**Action item**
Skip all pictures, then copy the lines from the start of the data through the line with "With the new", keeping both ends.

-.-.-

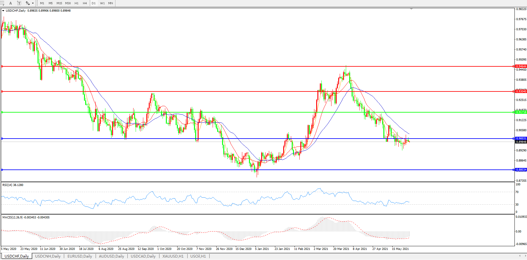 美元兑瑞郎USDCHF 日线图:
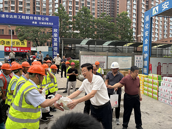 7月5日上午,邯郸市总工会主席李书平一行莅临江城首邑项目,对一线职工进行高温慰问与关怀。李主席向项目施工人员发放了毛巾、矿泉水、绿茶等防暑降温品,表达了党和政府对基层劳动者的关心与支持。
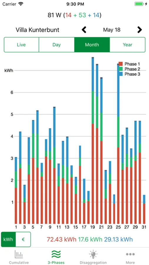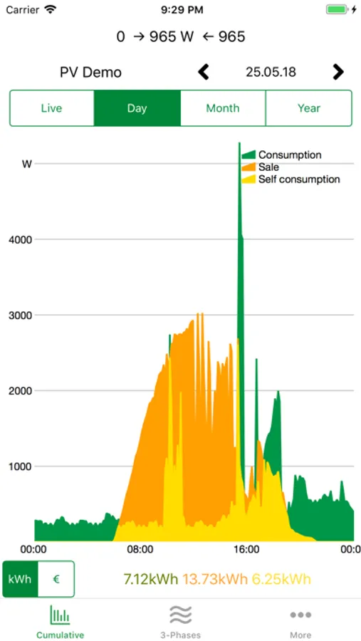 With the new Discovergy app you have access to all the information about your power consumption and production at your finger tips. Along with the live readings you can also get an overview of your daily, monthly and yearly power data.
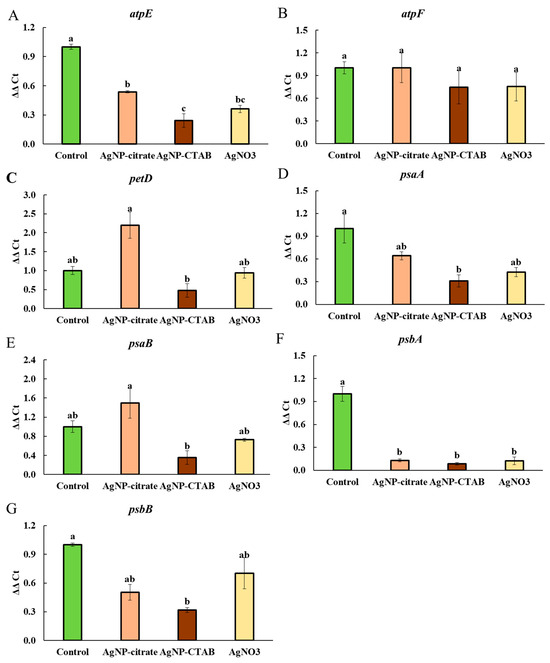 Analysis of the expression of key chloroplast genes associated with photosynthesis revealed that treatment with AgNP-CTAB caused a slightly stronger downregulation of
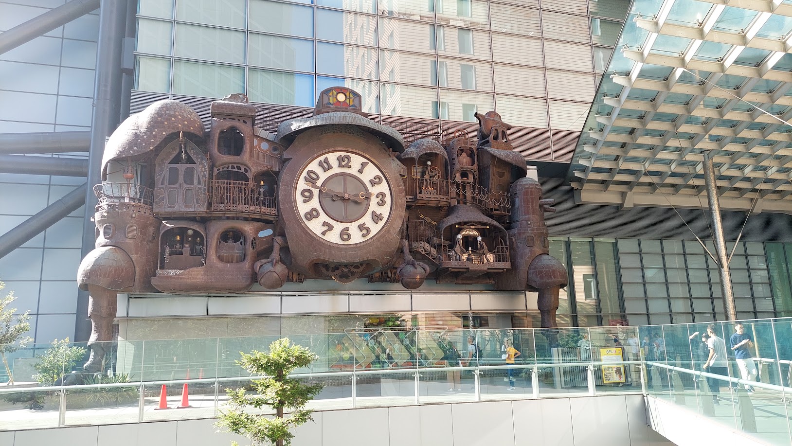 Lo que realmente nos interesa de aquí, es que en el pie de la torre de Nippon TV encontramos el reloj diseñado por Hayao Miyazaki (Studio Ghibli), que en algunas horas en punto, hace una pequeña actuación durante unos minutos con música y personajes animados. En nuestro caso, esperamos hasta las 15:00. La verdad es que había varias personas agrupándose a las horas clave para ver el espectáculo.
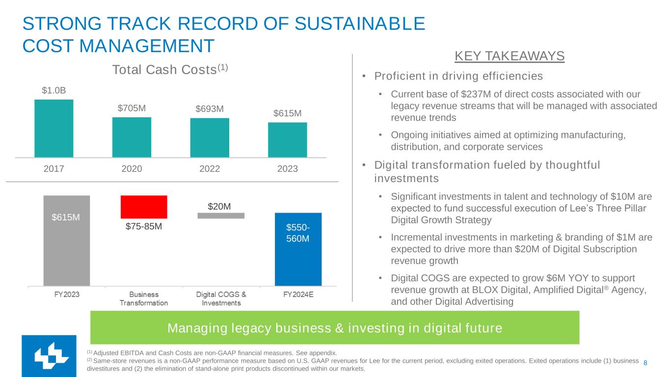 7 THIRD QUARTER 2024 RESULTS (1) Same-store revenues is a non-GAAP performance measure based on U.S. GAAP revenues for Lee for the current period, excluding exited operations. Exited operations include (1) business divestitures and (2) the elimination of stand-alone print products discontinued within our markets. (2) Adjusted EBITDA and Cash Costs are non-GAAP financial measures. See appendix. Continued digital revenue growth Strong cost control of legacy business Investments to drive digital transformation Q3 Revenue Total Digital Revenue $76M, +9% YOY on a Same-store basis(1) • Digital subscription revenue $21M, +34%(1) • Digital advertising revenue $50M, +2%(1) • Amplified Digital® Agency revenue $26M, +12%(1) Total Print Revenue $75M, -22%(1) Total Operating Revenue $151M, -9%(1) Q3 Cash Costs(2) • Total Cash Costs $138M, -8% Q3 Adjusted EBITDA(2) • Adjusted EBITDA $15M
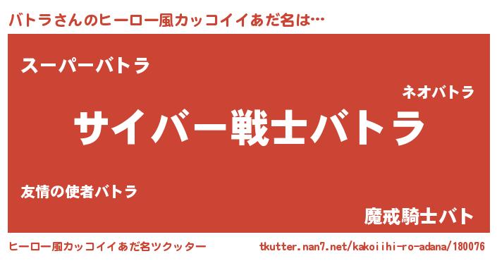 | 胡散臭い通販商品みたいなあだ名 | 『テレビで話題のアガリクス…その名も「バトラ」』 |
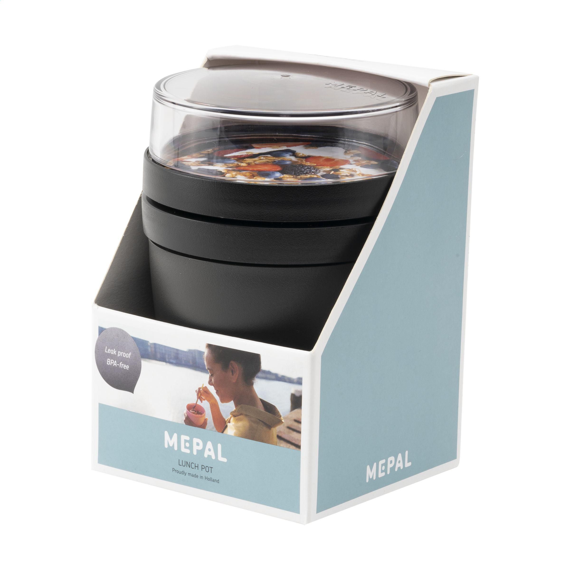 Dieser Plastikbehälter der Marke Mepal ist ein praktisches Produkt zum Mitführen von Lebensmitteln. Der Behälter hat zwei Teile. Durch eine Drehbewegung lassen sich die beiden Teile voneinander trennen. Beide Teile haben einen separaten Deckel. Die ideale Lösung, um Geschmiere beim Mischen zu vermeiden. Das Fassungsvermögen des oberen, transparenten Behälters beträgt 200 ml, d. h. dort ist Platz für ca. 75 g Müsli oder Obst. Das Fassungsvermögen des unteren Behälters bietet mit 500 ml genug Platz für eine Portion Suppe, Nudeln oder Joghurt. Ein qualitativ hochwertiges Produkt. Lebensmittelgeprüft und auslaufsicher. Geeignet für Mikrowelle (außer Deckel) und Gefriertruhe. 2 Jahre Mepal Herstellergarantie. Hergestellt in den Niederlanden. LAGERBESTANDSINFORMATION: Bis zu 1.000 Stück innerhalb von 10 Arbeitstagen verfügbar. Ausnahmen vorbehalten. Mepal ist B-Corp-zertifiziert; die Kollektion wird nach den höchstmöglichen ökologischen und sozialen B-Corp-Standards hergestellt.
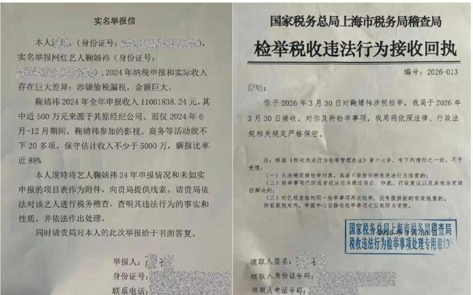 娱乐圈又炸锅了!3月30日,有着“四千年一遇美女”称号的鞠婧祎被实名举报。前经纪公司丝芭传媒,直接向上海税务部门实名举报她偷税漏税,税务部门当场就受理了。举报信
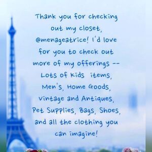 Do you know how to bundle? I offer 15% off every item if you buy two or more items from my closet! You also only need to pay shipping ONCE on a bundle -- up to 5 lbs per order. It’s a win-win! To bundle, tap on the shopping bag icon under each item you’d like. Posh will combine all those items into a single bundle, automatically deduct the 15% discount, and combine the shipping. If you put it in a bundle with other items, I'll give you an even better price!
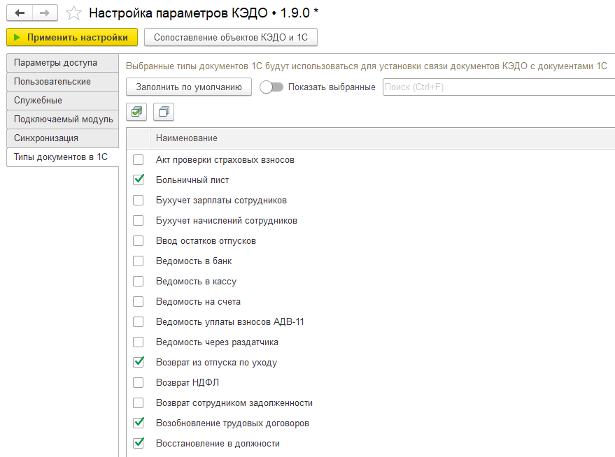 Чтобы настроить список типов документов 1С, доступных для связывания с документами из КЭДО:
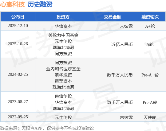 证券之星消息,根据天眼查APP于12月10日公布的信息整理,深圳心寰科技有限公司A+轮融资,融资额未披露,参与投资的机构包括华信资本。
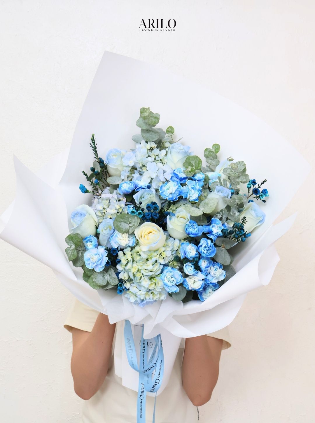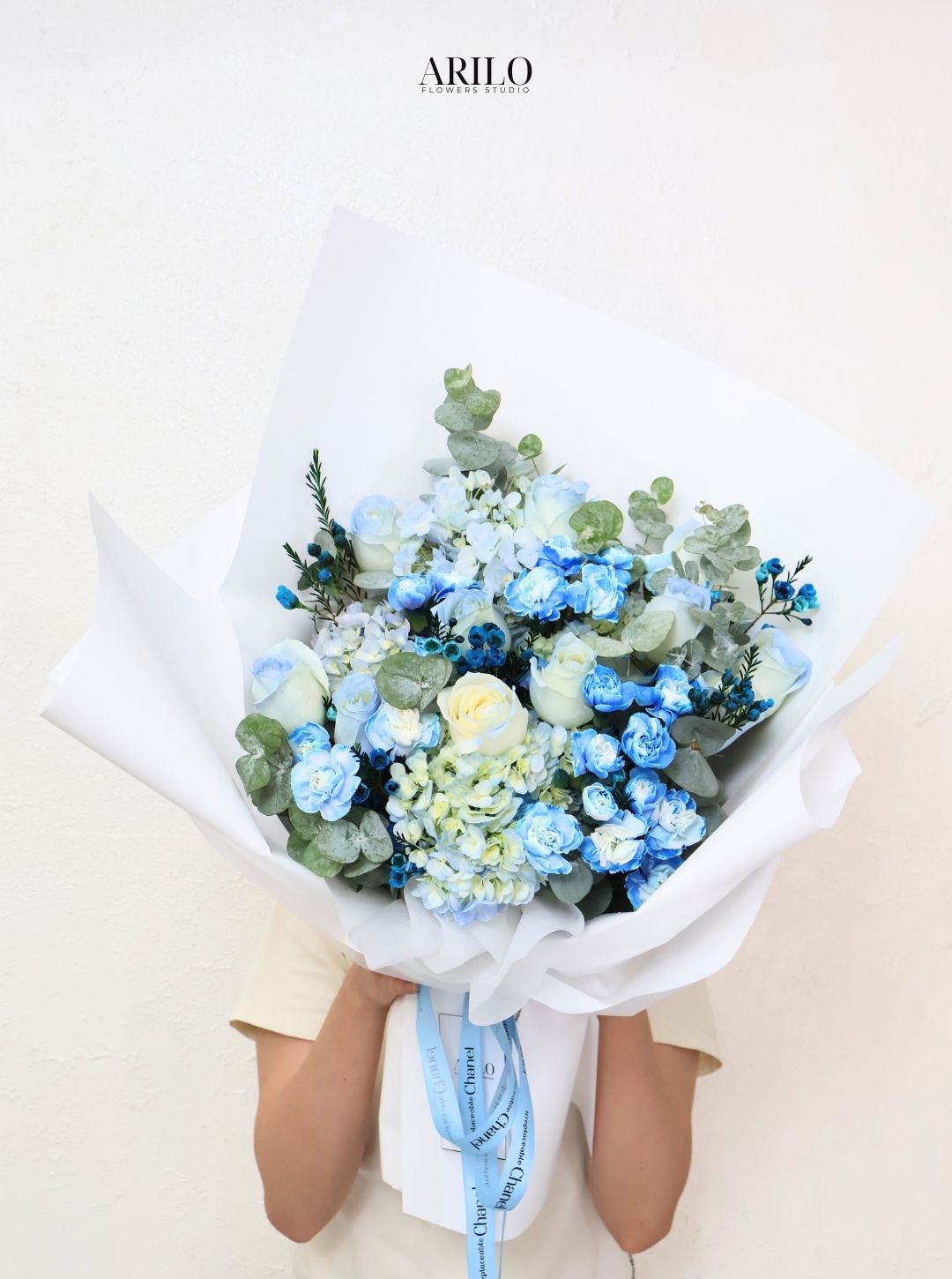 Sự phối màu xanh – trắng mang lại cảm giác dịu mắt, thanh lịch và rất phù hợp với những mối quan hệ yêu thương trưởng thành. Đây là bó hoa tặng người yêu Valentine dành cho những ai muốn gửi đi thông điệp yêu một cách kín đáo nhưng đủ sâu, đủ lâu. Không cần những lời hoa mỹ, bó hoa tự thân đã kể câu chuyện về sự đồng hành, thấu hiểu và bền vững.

-.-.-

**Written reply**
 美元兑瑞郎USDCHF 日线图:
 7月5日上午,邯郸市总工会主席李书平一行莅临江城首邑项目,对一线职工进行高温慰问与关怀。李主席向项目施工人员发放了毛巾、矿泉水、绿茶等防暑降温品,表达了党和政府对基层劳动者的关心与支持。
 With the new Discovergy app you have access to all the information about your power consumption and production at your finger tips. Along with the live readings you can also get an overview of your daily, monthly and yearly power data.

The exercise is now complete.